Jetzt sind wir an einem Punkt angelangt, an dem wir versuchen, diesen Begriff zu definieren und ihn für die alltägliche Arbeit nutzbar zu machen. Also, wie lässt sich ein Austausch zwischen verschiedenen communities herstellen?

Gras: Ich denke, der positive Aspekt dieses Themas ist, dass es viele Trainings gibt, in denen darüber reflektiert wird, wie Menschen mit einer Migrationsgeschichte besser einbezogen werden können. Ein Problem ist jedoch, dass es sehr viele Organisationen gibt, die mit Jugendlichen arbeiten, die eine Migrationsgeschichte haben – doch die Jugendlichen selbst sind nicht vertreten.

Wenn man Trainings wie dieses durchführt, wenn man sich direkt an die communities wendet, dann hat man eine Mischung von beiden. Und das ist es, was wir wollen.

JfE: Das bedeutet, dass "cross-community-work" kein festgeschriebener, sondern ein flexibler Begriff ist?

Pyykkönen: Ja. Nach dem Training haben wir in unserem Team darüber diskutiert, dass wir uns dem Begriff angenähert haben. Wir haben ihm einen Rahmen gegeben, trotzdem hat jeder weiterhin seine eigenen Ideen.

Ich denke, dass es keiner festgeschriebenen Definition des Begriffs bedarf. Wir brauchen eher eine individuelle Auseinandersetzung mit ihm.

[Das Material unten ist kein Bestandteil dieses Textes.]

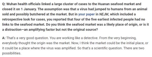而在被问到病毒到底源自哪里,是不是11月就出现在武汉时,高福则表示科学家正在努力搞清楚病毒的来源,但如今看来武汉的华南海鲜市场并不一定是最初每个人都以为的源头了,也有可能只是疫情出现加剧的一个地方。不过,他也表示目前没有足够证据证明病毒早在11月就出现在武汉了。
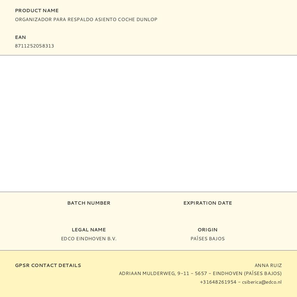 ORGANIZADOR PARA RESPALDO ASIENTO COCHE DUNLOP | Repuesto de calidad, compatible y fácil de instalar

Auf diese Weise wird sich die eigene Arbeit vielleicht schon ein bisschen mehr am Gedanken der cross-community orientieren.

JfE:  Worin bestehen eurer Erfahrung nach die Schwierigkeiten für die europäische Jugendarbeit "Migrantenselbstorganisationen" zu erreichen?

Pyykkönen: Die Organisationen, mit denen wir zusammenarbeiten möchten, haben oftmals ganz andere Probleme als über internationale Belange nachzudenken. Viele sind damit ausgelastet, als Organisation zu funktionieren. Das ist in Deutschland, Finnland und Schweden gleichermaßen der Fall.

Gras: Ich denke, dass ein Training wie "Across the line" Menschen motiviert, sich mehr mit diesem Thema auseinanderzusetzen. So gibt es zum Beispiel in Finnland eine große Somali-Community und in unserem Training hatten wir zwei Personen aus dieser community dabei. Allein ihre Teilnahme am Training ist ein sehr großer Erfolg, denn auch diese community hat andere Probleme zu bewältigen. Doch der Austausch mit Organisationen aus ganz Europa kann ihnen wichtige Impulse für die eigene Arbeit geben.

JfE: Neben der inhaltlichen Fortbildung, die ein solches Trainings bietet, profitieren  die die Teilnehmenden also vor allem vom persönlichen Austausch untereinander?

Pyykkönen: Ja. Austausch und Vernetzung ist der erste Schritt hin zu europäischen Projekten. Wir sind dazu geneigt, unmittelbar Ergebnisse geliefert bekommen zu wollen. Aber vor allem in der Arbeit mit Jugendlichen, die keinen leichten Zugang zu europäischen Projekten haben, benötigt es Zeit, um sie einzubeziehen.

Oftmals hören wir erst zwei Jahre später von Leuten, mit denen wir ein Training durchgeführt haben, dass sie nun bereit zu mehr seien. Es ist aber wichtig, diese Zeit zu geben, weil es sich positiv auf die Qualität der Projekte auswirkt.

(Das Interview führte Lisa Brüßler im Auftrag von JUGEND für Europa.)